From a conceptual standpoint, I would try two things in tandem to speed up this algorithm:
Create threads yourself, using the Thread class. This frees you from the scheduling slowdowns of the thread pool; a thread starts processing (or waiting for CPU time) when you tell it to start, instead of the thread pool feeding requests for threads into its internal workings at its own pace. You should be aware of the number of threads you have going at once; the rule of thumb is that the benefits of multithreading are overcome by the overhead when you have more than twice the number of active threads as "execution units" available to execute threads. However, you should be able to architect a system that takes this into account relatively simply.
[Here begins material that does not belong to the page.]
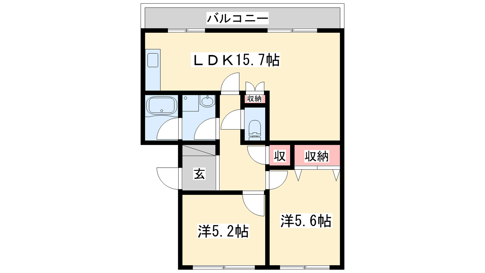 - LDK15.7帖、洋室5.6帖、洋室5.2帖

Segregate the collection of results, by creating a dictionary of collections of results. Each results collection is keyed to some token carried by the thread doing the processing and passed to the callback. The dictionary can have multiple elements READ at one time without locking, and as each thread is WRITING to a different collection within the Dictionary there shouldn't be a need to lock those lists (and even if you did lock them you wouldn't be blocking other threads). The result is that the only collection that has to be locked such that it would block threads is the main dictionary, when a new collection for a new thread is added to it. That shouldn't have to happen often if you're smart about recycling tokens.